Kathleen Ferrier Awards 2021 - Hugh Cutting wins First Prize

Posted on: 19 November 2021

Laura Peresivana, Helen Charlston, Hugh Cutting

2021 Kathleen Ferrier Awards winners: Helen Charlston (Ferrier Loveday Song Prize), Hugh Cutting (First Prize), Laura Perešivana (Second Prize). Photo - Emma Brown Photography

Hugh Cutting, former choral scholar at St John’s (2015-18) has won first prize in this year’s Kathleen Ferrier Awards, one of Britain’s most prestigious awards for singers.

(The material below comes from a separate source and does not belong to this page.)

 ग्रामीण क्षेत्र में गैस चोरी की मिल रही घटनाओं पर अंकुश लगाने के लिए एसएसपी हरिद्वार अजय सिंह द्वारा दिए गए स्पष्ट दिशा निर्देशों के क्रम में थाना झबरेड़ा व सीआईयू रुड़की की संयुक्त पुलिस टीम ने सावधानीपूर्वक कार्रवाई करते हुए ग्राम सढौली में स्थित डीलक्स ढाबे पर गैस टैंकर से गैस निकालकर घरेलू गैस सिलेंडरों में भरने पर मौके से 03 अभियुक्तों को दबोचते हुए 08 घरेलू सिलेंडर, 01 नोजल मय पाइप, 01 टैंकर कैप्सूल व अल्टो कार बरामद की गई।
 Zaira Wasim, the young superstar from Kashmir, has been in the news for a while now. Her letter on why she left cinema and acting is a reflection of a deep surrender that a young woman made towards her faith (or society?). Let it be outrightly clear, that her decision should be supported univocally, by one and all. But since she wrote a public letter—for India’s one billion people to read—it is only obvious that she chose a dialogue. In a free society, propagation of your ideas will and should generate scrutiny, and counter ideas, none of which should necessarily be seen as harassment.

He is the first countertenor to win first prize in the Ferrier’s 66-year history.

The semi-finals and final of the competition took place at the Henry Wood Hall in front of a jury that included baritone Sir Thomas Allen, mezzo-soprano Alice Coote, soprano Valerie Masterson, tenor Ian Partridge and pianist James Baillieu. The final will be streamed via the competition website in two parts, and will be available on Saturday 4th and Sunday 5th December from 7:30pm for one month.

Hugh performed together with pianist George Ireland, and he sang an aria from Handel's Agrippina, d'Indy Magrigal, two of Dvorak's Biblical Songs, an extract from George Benjamin's Written on Skin and Campian's Faire, if you expect admiring. The latter piece was arranged by another former member of the choir, composer Piers Connor Kennedy.

Hugh said:

"This is obviously a huge honour; George and I are so thrilled, particularly with the flurry of supportive messages and emails that have come with it! Competitions are always an unknown entity, really, and I’m sure many of the finalists would have been worthy winners for different reasons, so we’ll take this with a pinch of salt and much gratitude.

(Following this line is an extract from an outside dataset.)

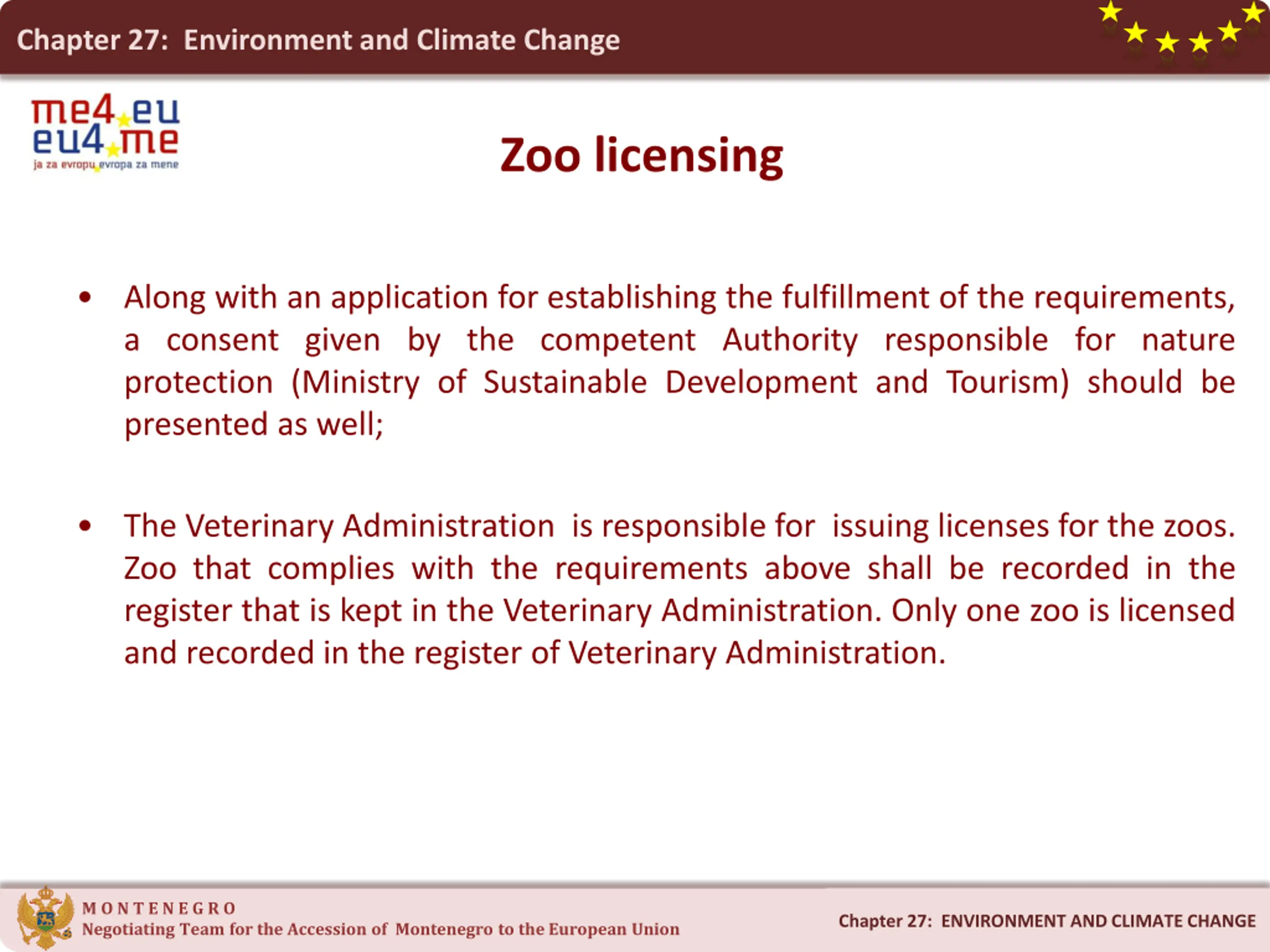 Chapter 27: Environment and Climate Change Zoo licensing Along with an application for establishing the fulfillment of the requirements, a consent given by the competent Authority responsible for nature protection (Ministry of Sustainable Development and Tourism) should be presented as well; The Veterinary Administration is responsible for issuing licenses for the zoos. Zoo that complies with the requirements above shall be recorded in the register that is kept in the Veterinary Administration. Only one zoo is licensed and recorded in the register of Veterinary Administration. M O N T E N E G R O Negotiating Team for the Accession of Montenegro to the European Union Chapter 27: ENVIRONMENT Chapter 27: ENVIRONMENT AND CLIMATE CHANGE

"I owe so much to St John’s, to New College Oxford where I was a chorister, the Royal College, and most to my parents and brother who nurtured everything, especially my impressions of ‘strange altos’ like Iestyn Davies when I was 8."

Hugh is currently a member of the Royal College of Music Inertnational Opera Studio. As well as having recorded with The King’s Consort, he has recently performed together with former St John’s chorister and choral scholar Iestyn Davies on a new album with Fretwork on Signum Records. You can watch one of the duets from this album below. Forthcoming projects include performances as 'Arsace' in Handel's Partenope with Les Arts Florissants & William Christie in Barcelona and Versailles, Bach St John Passion solos with Polyphony & Stephen Layton in St John's Smith Square, and his debut with Zurich Opera in a Monterverdi Madrigals ballet.

Other Johnian choral scholars who have succeeded at the Kathleen Ferrier Awards in recent years include baritones Theodore Platt (2nd Prize, 2019) and Gareth John (1st Prize, 2013).